Problem description: Below is a block of records; return all of them exactly, but without the images.

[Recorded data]
┌──
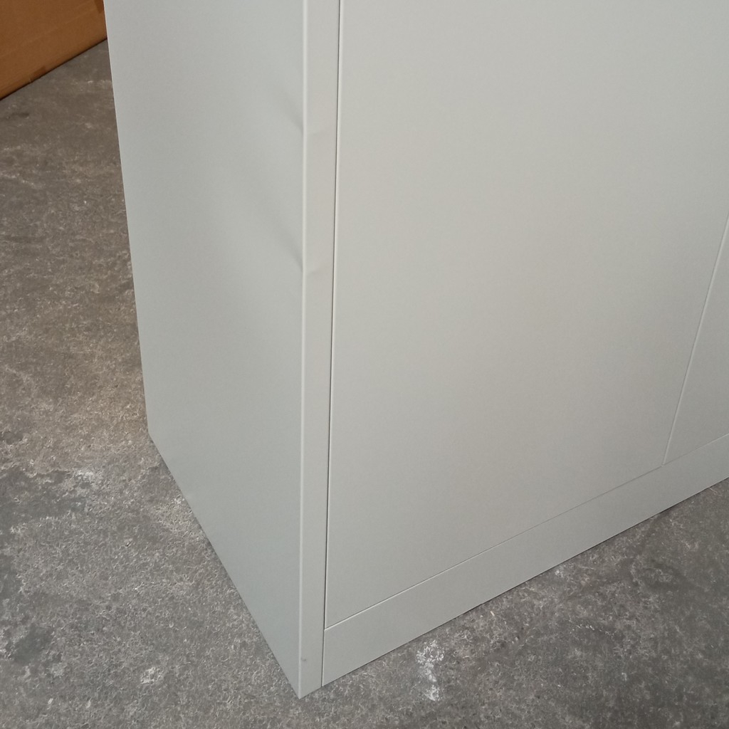 Konstrukce je vyrobena z pevného ocelového plechu a dodáváme ji v několika barevných provedeních dvířek. Jedná se o standardizované odstíny RAL. Korpus je u této varianty skříně v barvě RAL 7035 (světle šedá).
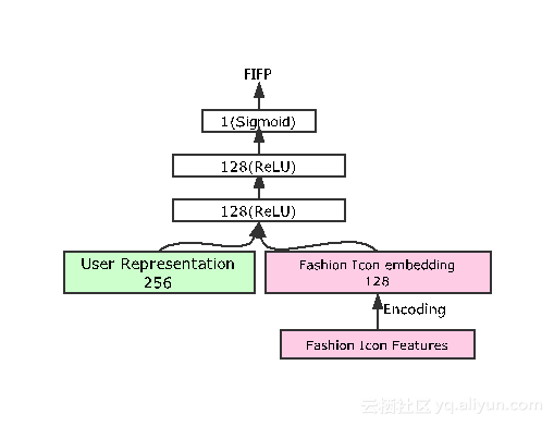 任务三是用户对达人的偏好。因为这里希望最终学习到的用户表达比较通用,而不是所有的任务都和商品相关,如此学习到的用户个性较为局限。因此任务三主要学习用户喜爱的达人类型。此处任务三的输入除了256位的用户表达外,还需输入相关达人的特征,然后解决用户是否会follow的二次类问题。
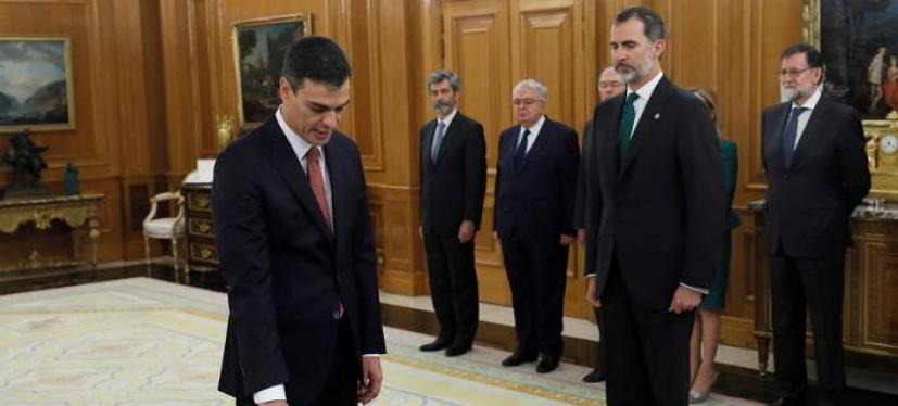 Ο σοσιαλιστής Πέδρο Σάντσεθ ορκίστηκε σήμερα πρωθυπουργός της Ισπανίας, μετά την υπερψήφιση από το κοινοβούλιο της πρότασης μομφής κατά του Μαριάνο Ραχόι και την ανατροπή του συντηρητικού επικεφαλής της κυβέρνησης.
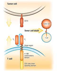 諾華公司的CTL019是一種強效免疫細胞療法。醫(yī)務人員通過采血從患者獲得部分T細胞,然后在實驗室把識別CD19的抗體偶聯(lián)到這些T細胞表面,由此形成帶有能攻擊B細胞表面CD19的嵌合抗原受體(chimeric antigen receptor,CAR)的免疫細胞。CTL019細胞在被輸回患者體內(nèi)能迅速增殖上千倍,并數(shù)月內(nèi)在患者體內(nèi)持續(xù)存在,可能有助于預防患者疾病的復發(fā)。
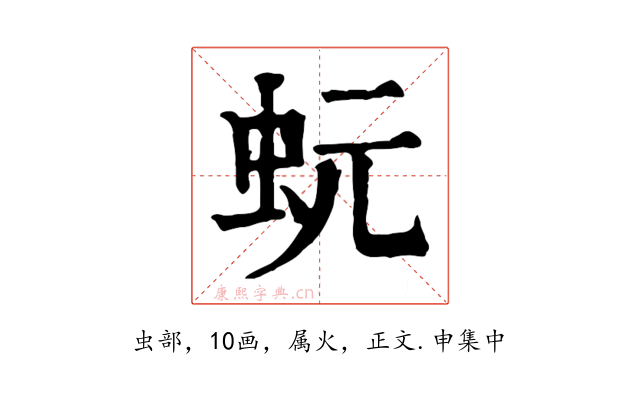 〔蚖〕字收录于《康熙字典》正文・申集中,康熙部首是虫部。
└──
Response area:
 Konstrukce je vyrobena z pevného ocelového plechu a dodáváme ji v několika barevných provedeních dvířek. Jedná se o standardizované odstíny RAL. Korpus je u této varianty skříně v barvě RAL 7035 (světle šedá).
 任务三是用户对达人的偏好。因为这里希望最终学习到的用户表达比较通用,而不是所有的任务都和商品相关,如此学习到的用户个性较为局限。因此任务三主要学习用户喜爱的达人类型。此处任务三的输入除了256位的用户表达外,还需输入相关达人的特征,然后解决用户是否会follow的二次类问题。
 Ο σοσιαλιστής Πέδρο Σάντσεθ ορκίστηκε σήμερα πρωθυπουργός της Ισπανίας, μετά την υπερψήφιση από το κοινοβούλιο της πρότασης μομφής κατά του Μαριάνο Ραχόι και την ανατροπή του συντηρητικού επικεφαλής της κυβέρνησης.
 諾華公司的CTL019是一種強效免疫細胞療法。醫(yī)務人員通過采血從患者獲得部分T細胞,然后在實驗室把識別CD19的抗體偶聯(lián)到這些T細胞表面,由此形成帶有能攻擊B細胞表面CD19的嵌合抗原受體(chimeric antigen receptor,CAR)的免疫細胞。CTL019細胞在被輸回患者體內(nèi)能迅速增殖上千倍,并數(shù)月內(nèi)在患者體內(nèi)持續(xù)存在,可能有助于預防患者疾病的復發(fā)。
 〔蚖〕字收录于《康熙字典》正文・申集中,康熙部首是虫部。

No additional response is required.